>>>>
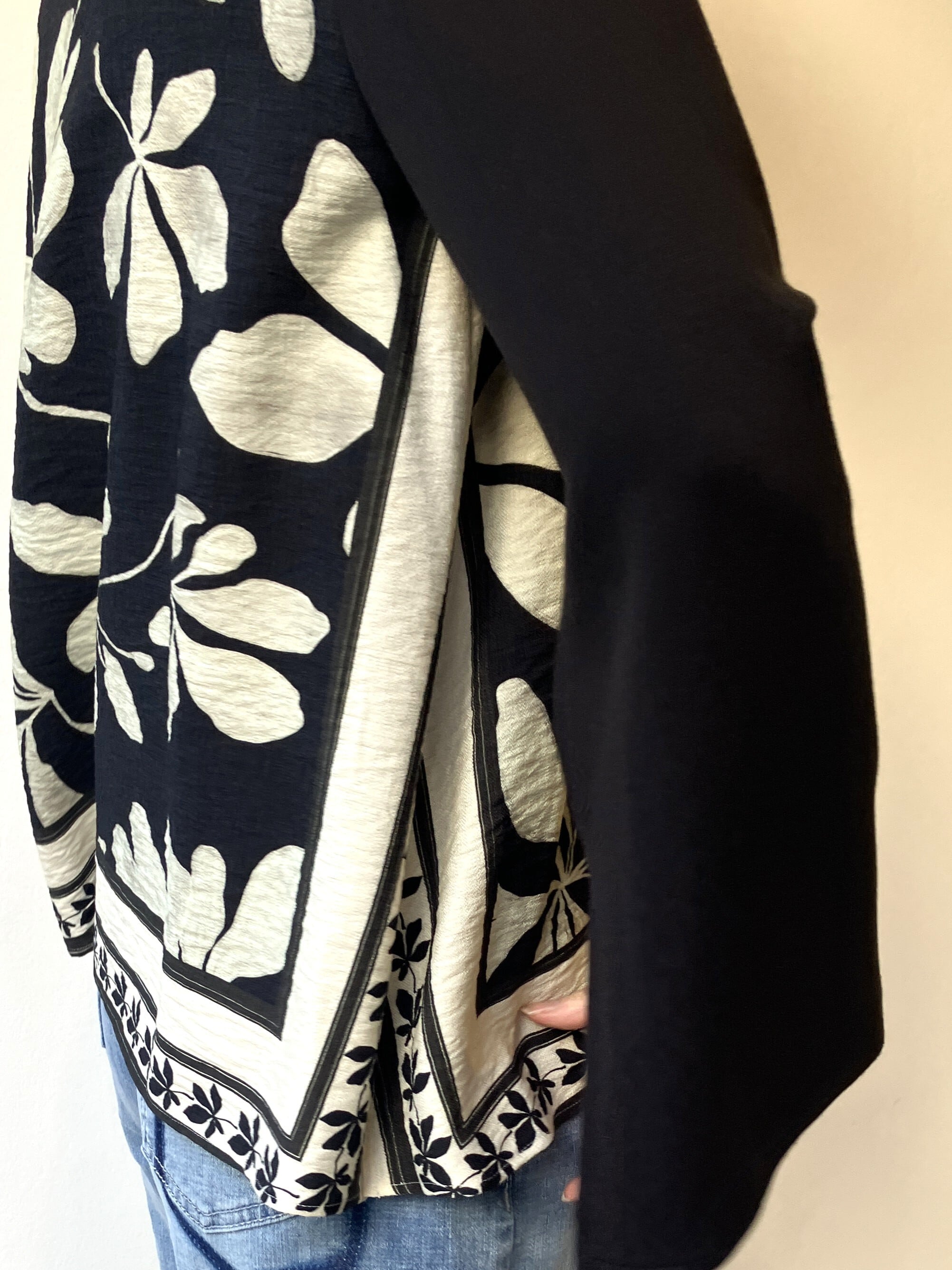モノトーンパネルブラウスは、独特の凹凸感が施された生地を使用しており、風合いのある仕上がりが魅力です。
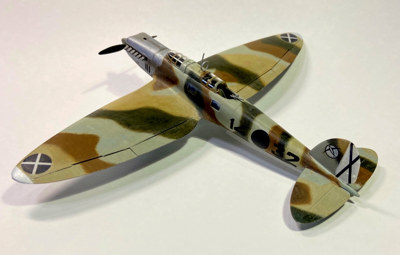 又それぞれの色を重ね合わせ調色します。翼端、垂直尾翼にホワイトをさし主翼下面に後の連合軍のインベイションストライプ風の黒帯を塗り上げて、塗装完了です。
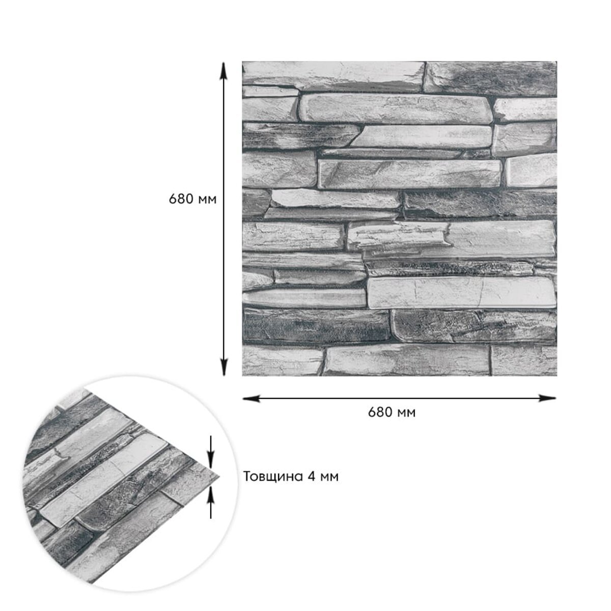 Панель стінова 3D 680х680х4мм Сірий сланець SW-00002003
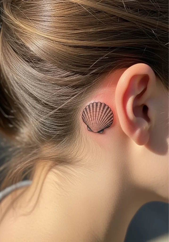 This small seashell tattoo rests delicately behind the ear, shaded in soft beige and brown hues that mimic real shell texture. The curved lines and fine details create a 3D effect that looks beautifully natural against the skin. Its petite size and placement make it subtle yet stylish, like a tiny secret nod to the sea.
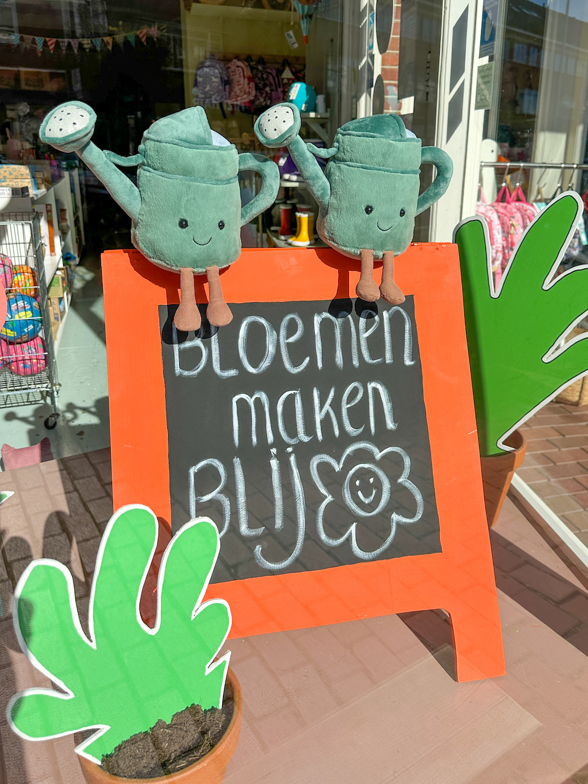 Vos heeft een nieuwe uitdaging. Hij bezit nu een prachtige bloemenwinkel. Voor wie een vers bosje bloemen wilt, is ie bij vos aan het juiste adres. De bloemenwinkel straalt één en al vrolijkheid uit en barst van de heerlijke kleuren en natuurlijk de allerlekkerste geuren. Bloemen maken blij. En dat is ook echt zo. Vandaar deze “quote” op het stoepbord bij de bloemenwinkel van vos.
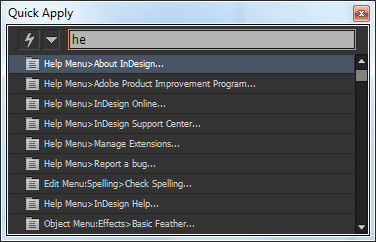 The name you type doesn’t need to be an exact match. For example, typing he will locate styles such as Head 1, Head 2, and Subhead, as well as Help menu commands such as Help Menu > InDesign Help.
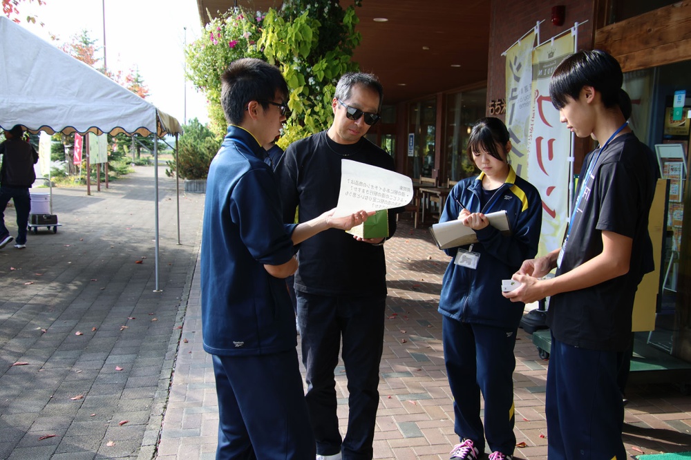 今回は「まちおこしプロジェクト」の一環。事前にほかの地域の「道の駅」を調べ、人気のある道の駅と風連の道の駅との違い、課題を自分たちで考えました。今回は利用者の意見を聞き、自分の感じたことと実際の利用者の声から、「よりよい道の駅」を作るにはどうしたらいいのか考えます。最初は遠慮がちだった生徒たちも少しずつ慣れてきて買い物終わりの利用者さんにお話を聞くことができていました。「利用頻度は?」、「利用目的は?」、「道の駅にどんな施設が併設されてたらいい?」、「他にどんなものが売っていてほしい?」、各班で考えた課題解決に向けた質問を投げかけると、多くの利用者が快く答えてくれ、インタビュー後には「がんばってね」などの声をかけてくれる方もいました。
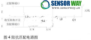 CC2430的射頻信號(hào)采用差分方式,其最佳差分負(fù)載阻抗是115+j180Ω,阻抗匹配電路需要根據(jù)這一數(shù)值進(jìn)行調(diào)整。本設(shè)計(jì)采用50歐姆單極子天線,由于CC2430的射頻端口是差分形式具有兩個(gè)端口,而天線是單端口,因此需要一個(gè)巴倫來(lái)完成兩端口到單端口間的轉(zhuǎn)換。巴倫電路由成本低廉的電感和電容構(gòu)成,如圖4所示,包括電感L1、L2、L3和電容C1和兩段長(zhǎng)的傳輸線。
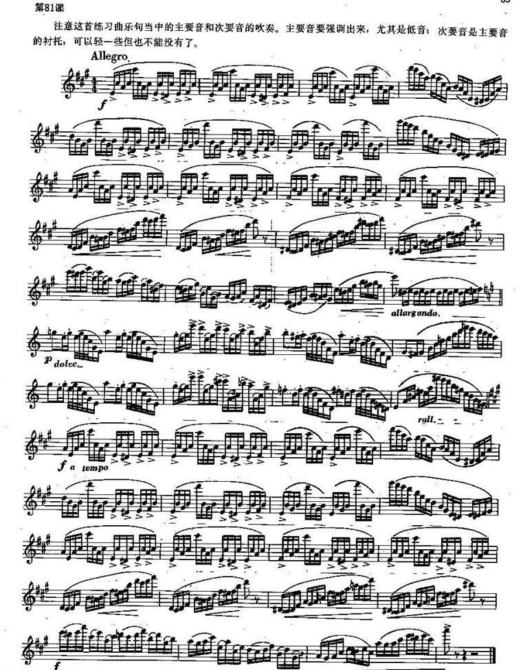 长笛练习曲100课:第81课 主要音和次要音练习曲
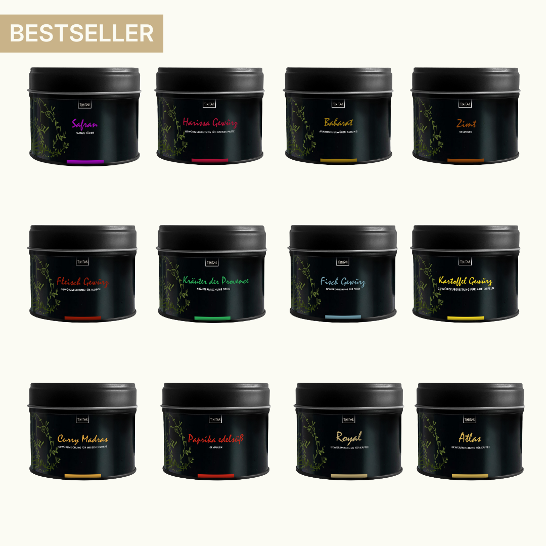 Mit dem 1001 Nacht Set erlebst du die ganze Gewürzvielfalt des Orients in einer Box. Dieses Set vereint 12 ausgewählte Mischungen – jede mit einer eigenen Geschichte, jedem Gericht seinen besonderen Zauber schenkend.
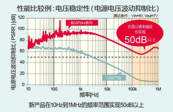 ROHM不僅有正電源,還同時(shí)擁有電路結(jié)構(gòu)一致的負(fù)電源產(chǎn)品,通過兩者組合使用,在特性方面實(shí)現(xiàn)了具有理想對稱性的電源供給?擅鞔_聲像定位,并可很好地表現(xiàn)聲音的空間傳播力。
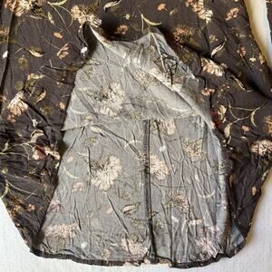 Full Tilt Women Blouse S Brown Floral Rayon V-Neck Pullover Cold Shoulder
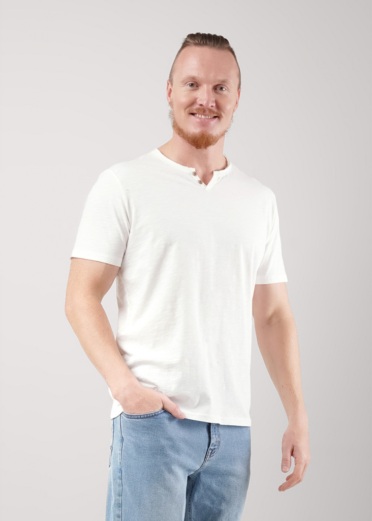 Футболка мужская с округлой горловиной и планкой из фактурного полотна "флам". Данная модель прекрасно комбинируется с джинсами или шортами. Отличное решение на лето для прогулок с друзьями или поездки на отдых.
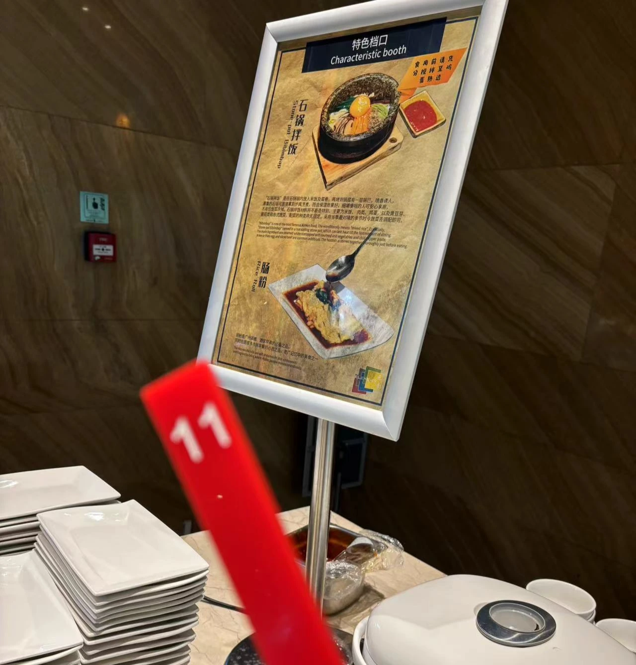 이것을 들고 요리 코너로 가서 원하는 메뉴를 주문하면 즉석에서 조리가 시작한 후, 각 숫자 막대에 써진 테이블 번호로 서빙이 된다. 오랫동안 중국에 살면서 한식에 대한 그리움이 컸기에, 우연히 만나게 된 빨간 막대가 마치 소원을 말하면 들어주는 도깨비방망처럼 느껴졌다.
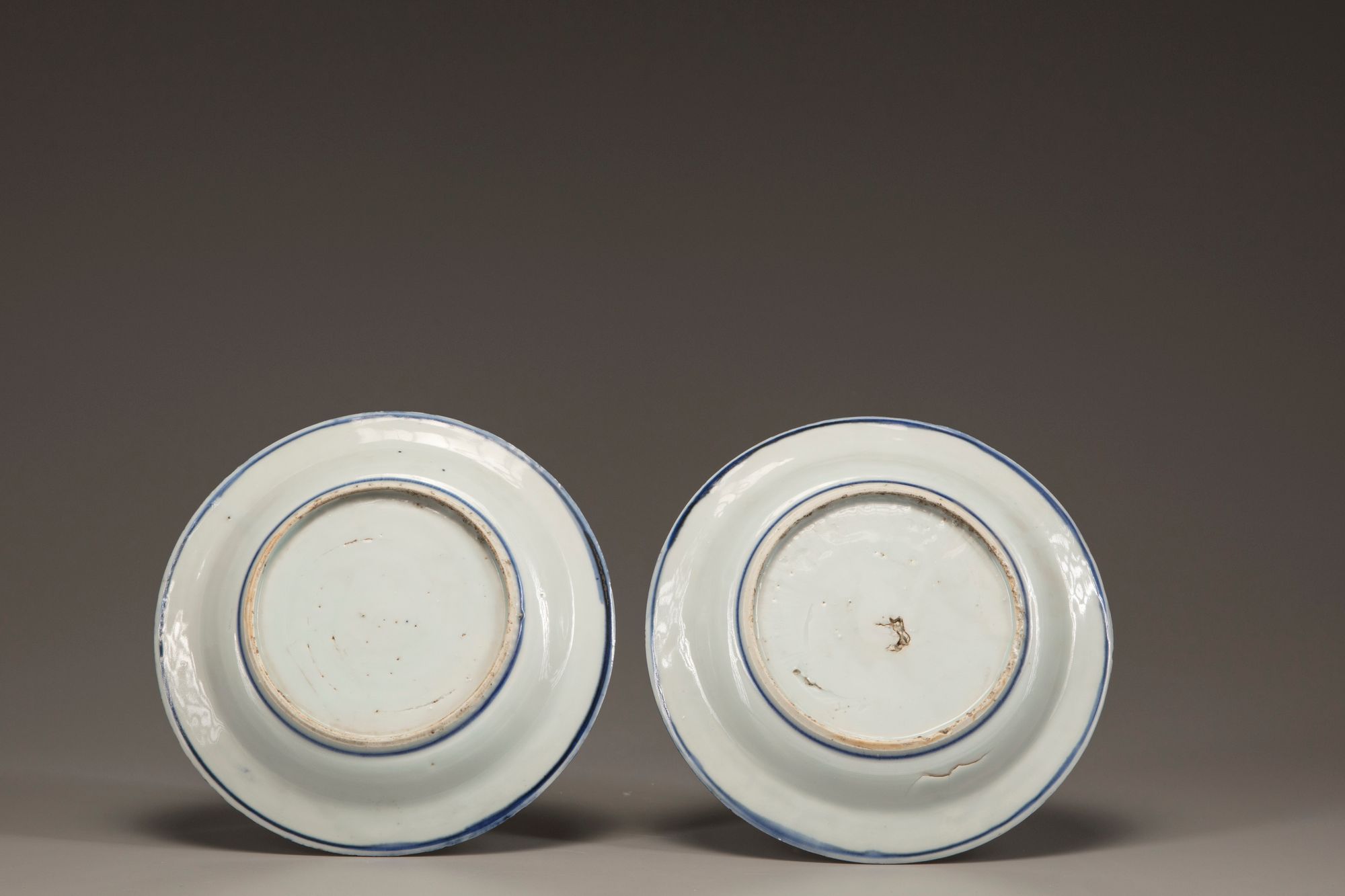 Each dish is decorated to the centre with a circular panel enclosing a scene of a scholar in a mountainous river landscape. The panel is surrounded by a floral band to the rim.
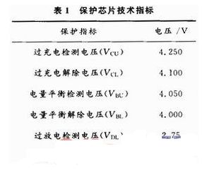 圖5摘取了保護板1中前三級(1~3級)保護電路,6~10級保護電路與此相似。所選取的芯片技術指標如表1所示,對于過充電、電平衡和過放電功能都有其檢測和解除電壓,以確保各狀態(tài)的可靠進入和退出。
<<<<
PROBLEM TO WORK ON:
Return exactly the part of the listing above that opens with the line containing "今回は「まちおこしプロジェク" and closes with the line containing "ROHM不僅有正電源,還同時". Pictures stay out.

ANSWER BOX:
 今回は「まちおこしプロジェクト」の一環。事前にほかの地域の「道の駅」を調べ、人気のある道の駅と風連の道の駅との違い、課題を自分たちで考えました。今回は利用者の意見を聞き、自分の感じたことと実際の利用者の声から、「よりよい道の駅」を作るにはどうしたらいいのか考えます。最初は遠慮がちだった生徒たちも少しずつ慣れてきて買い物終わりの利用者さんにお話を聞くことができていました。「利用頻度は?」、「利用目的は?」、「道の駅にどんな施設が併設されてたらいい?」、「他にどんなものが売っていてほしい?」、各班で考えた課題解決に向けた質問を投げかけると、多くの利用者が快く答えてくれ、インタビュー後には「がんばってね」などの声をかけてくれる方もいました。
 CC2430的射頻信號(hào)采用差分方式,其最佳差分負(fù)載阻抗是115+j180Ω,阻抗匹配電路需要根據(jù)這一數(shù)值進(jìn)行調(diào)整。本設(shè)計(jì)采用50歐姆單極子天線,由于CC2430的射頻端口是差分形式具有兩個(gè)端口,而天線是單端口,因此需要一個(gè)巴倫來(lái)完成兩端口到單端口間的轉(zhuǎn)換。巴倫電路由成本低廉的電感和電容構(gòu)成,如圖4所示,包括電感L1、L2、L3和電容C1和兩段長(zhǎng)的傳輸線。
 长笛练习曲100课:第81课 主要音和次要音练习曲
 Mit dem 1001 Nacht Set erlebst du die ganze Gewürzvielfalt des Orients in einer Box. Dieses Set vereint 12 ausgewählte Mischungen – jede mit einer eigenen Geschichte, jedem Gericht seinen besonderen Zauber schenkend.
 ROHM不僅有正電源,還同時(shí)擁有電路結(jié)構(gòu)一致的負(fù)電源產(chǎn)品,通過兩者組合使用,在特性方面實(shí)現(xiàn)了具有理想對稱性的電源供給?擅鞔_聲像定位,并可很好地表現(xiàn)聲音的空間傳播力。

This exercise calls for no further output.